Where would I be had it not been for God? I don’t know how to even begin to answer that question. In fact, I really don’t even want to think about it. It’s a rather sobering thought. I dare say that it wouldn’t be anywhere good or pretty.
He’s been with me in the good times, as well as the bad. He’s seen me at my best, as well as my worst. He’s loved me on my happiest days, but He’s also loved me on the days when I didn’t even love myself. He’s been that true and constant friend that never leaves or forsakes me. Someone I can trust. I never have to be concerned if He has time for me. He’s always waiting to share His heart with me, but He’s always ready for me to share my heart with Him. I can count on Him when everyone else walks out. He’s the one to walk back in. I can depend on Him. There’s never a moment that He isn’t thinking of me. I am loved more than I can even comprehend.
Living a life out of the overflow of God’s love is the sweetest place to reside. I make a daily choice to receive this beautiful gift of love. Then out of it, I am able to share it with others. I first must purpose in my heart to be a receiver. Not because of anything I’ve done, but all because of what He’s done for me. There’s nothing I can do to make Him love me anymore, but neither is there anything I can do to make Him love me any less. I am full and complete in His agape love. I am whole and healed. I am a new creature. I am His chosen, cherished, honored, and adored daughter. I am immersed in His abundant life.

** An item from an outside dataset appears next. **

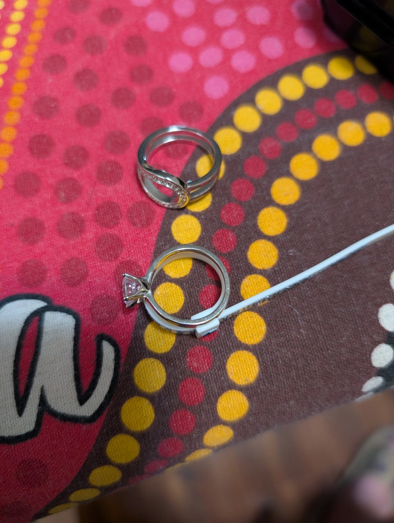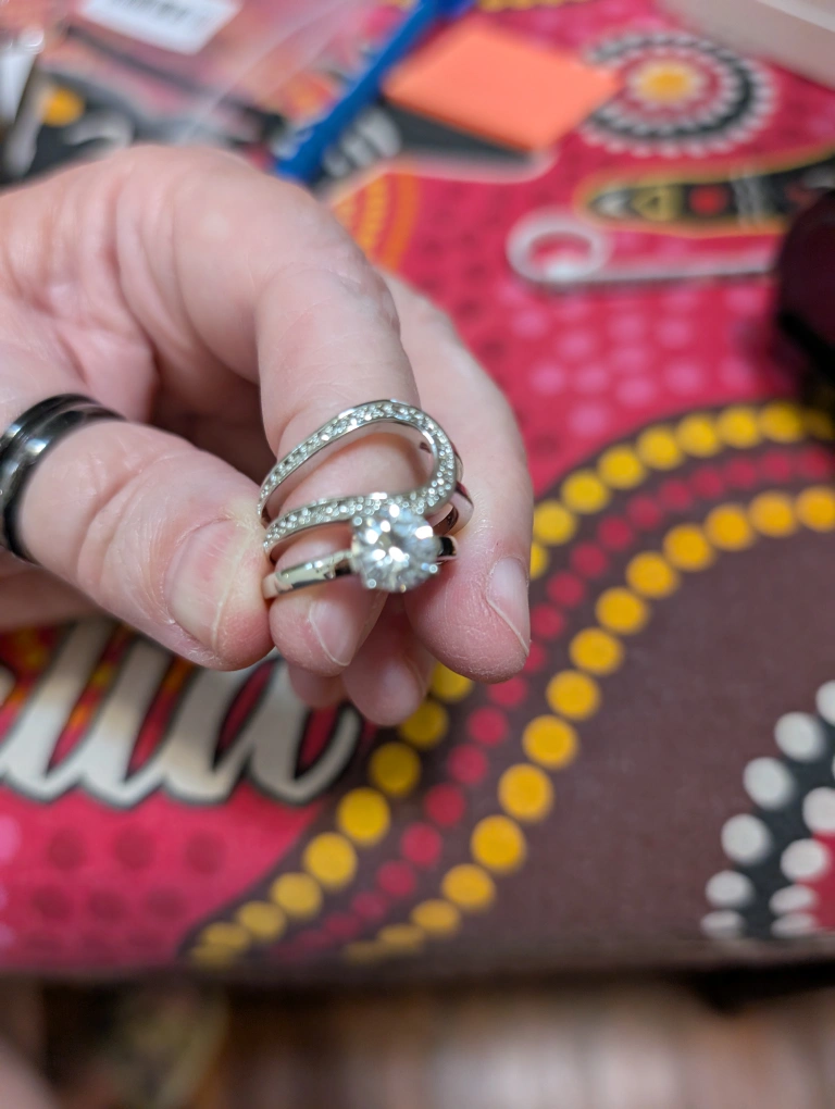176Costume or Fashion Jewellery. Selling an Avon Hammered Illusion necklace and earring gift set. It includes a necklace and matching earrings, hammered metal look. Also included are 4 prs of stud earrings and a fashion jewellery ring set that looks like a wedding set. The solitaire ring fits inside the outer band as shown in the pictures. Approximately size 6. All in great condition. The ring set looks like it's never been worn. The hammered metal set possibly like new as well. Lot #9 All for $5. Pick up ONLY in Beltline neighbourhood (near corner of 15 Ave SW and 14 St SW). FCFS. Cash only. I'm flexible with pick up times but please don't no-show. Also please check out my other listings. Thanks.

I find peace and contentment in this place. I have nothing to prove. I am real. I am honest. I can be myself. I am vulnerable without any fear of rejection. I experience freedom through His love. I stay in His presence, and He continues to lavish His love upon me. This is my place of safety. No fear can stay here. It has to flee. Here I am changing to look more and more like Jesus everyday. A constant work in progress.
It’s quiet and peaceful here. A place of solitude amidst the chaos and confusion of life. No constant striving for the latest and greatest. Just joy – not in what He can do for me, but for loving Him. Spending time with Him. When it’s convenient and when it isn’t. When I just want to be. Not a continual doing. Just being. Enjoying His company and presence. Leaving different than when I entered. Being forever changed and transformed.
I’m not leaving this place, and I don’t have to. He doesn’t want me to. I will linger here just a little while longer enjoying the beauty of the moment. I’m not rushing it. I’m taking it all in. I’m saturating my soul in His love. Living intentionally free from the worries and concerns of the world around me. He is my sole focus here.
God’s love – it’s what has carried me through in the past and what will continue to carry me into the future. Living. Breathing. Consuming love. This is the life I desire to live. Full, free, and overflowing from Thee. Just waiting to be shared with the next one He puts in my path. All because I took the risk and let Him love me. A thousand lifetimes is only the beginning of this awesome wonder. God’s love has now become my love.